Thursday, February 07, 2008

Was that a Change in Discourse?

by Claus Vistesen

Cross-posted from Alpha Sources

This is really just an update to the post below on today's ECB meeting but I think that the events deserve attention above the fold. The market action itself was not that surprising. The ECB moved in (introductory statement here) according to my expectations and kept rates steady as well as the BOE chose to lower rates .25 basis points. This latter event also seemed to be very much in the cards so nothing unexpected here either. Yet, what was very interesting, and also I have to say in line with my own predictions, was the change in the ECB discourse. Admittedly, it was small but it was there and I think that Trichet just paved the way for a cut come the next session in March. Especially the following taken from the introductory statement seems to have commanded much attention ...

(...) uncertainty about the prospects for economic growth is unusually high and the risks surrounding the outlook for economic activity have been confirmed to lie on the downside. Risks relate mainly to a potentially broader than currently expected impact of financial market developments on financing conditions and economic sentiment, with negative effects on world and euro area growth. Further downside risks stem from the scope for additional oil and other commodity price rises, concerns about protectionist pressures and the possibility of disorderly developments due to global imbalances.

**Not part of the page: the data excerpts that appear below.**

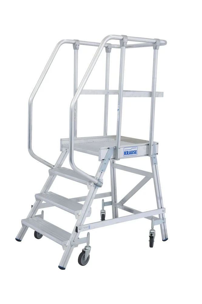 Denna arbetsplattform är gjord av aluminium, vilket gör den hållbar och stabil. Plattformen har hjul som gör den väldigt lätt att transportera, plattformen är även formad så att den kan stå tätt intill hyllor, väggar med mera. Trappan har 4 steg och en höjd på ca 1,95 meter, vilket kan ge dig en arbetshöjd på ca 2,95 meter.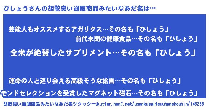 | 意味不明あだ名 | 『とにかく怪しいひしょう』 |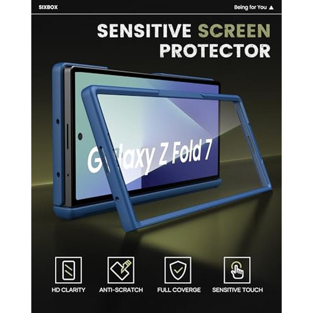 Compatible with Samsung Galaxy Z Fold 7 5G(2025 Release) Color: Blue Compatible Modle: Samsung Galaxy Z Fold 7 5G Package Included: 1 x Galaxy Fold 7 case Unique Advantage: (1) This Samsung Z Fold 7 cases with a high-definition screen protector, it will fit your phone screen perfectly. Precise cutting ensures port access and allows full access to all buttons; The wireless charging-friendly design allows for easy charging anytime, making it convenient for daily use. (2)SIXBOX's new Samsung Fold 7 case features an upgraded thinner hinge and 1.5mm raised lip camera lens protection, ensuring your lens stays free from scratches and providing professional protection and a smooth experience for your Galaxy Z Fold 7 (3)NOTICE: 1 Please be sure to remove the blue protective film both inside and outside the front frame before installing for best result 2 This Z Fold 7 thin case is not compatible with MagSafe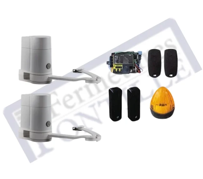 Kit complet de motorisation 24V pour portails battants avec bras articulés. Inclut moteurs, commande, télécommandes, cellules et feu LED. Pour vantaux jusqu’à 2 m / 250 kg.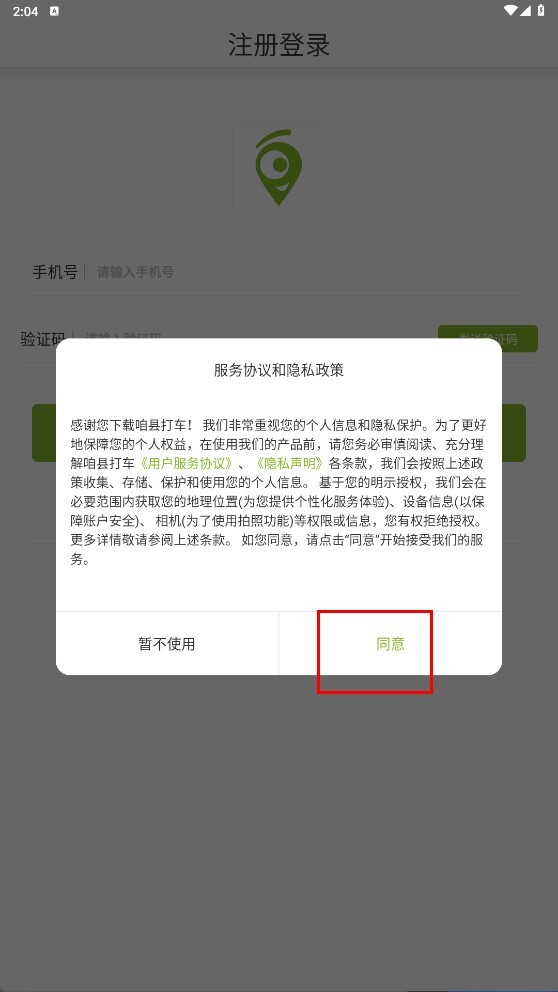 在服务协议与隐私政策的弹窗里,点击【同意】按钮,确认接纳相关条款后,即可进入注册登录界面。

Whether we will see a shift already in March is debatable but what seems clear is that we are moving closer to a breaking point in terms of strategy. Today's action also further exacerbated the pressure on the Euro confirming one of the main tenets voiced at this space. So, the stars are aligning in nice accordance with the forecasts and opinions mused at this space. Of course, tomorrow is another day and another set of events and I will keep watching accordingly always trying to calibrate my views as we go along. One thing is sure, I don't think that today's ever so subtle change in the ECB discourse should be neglected.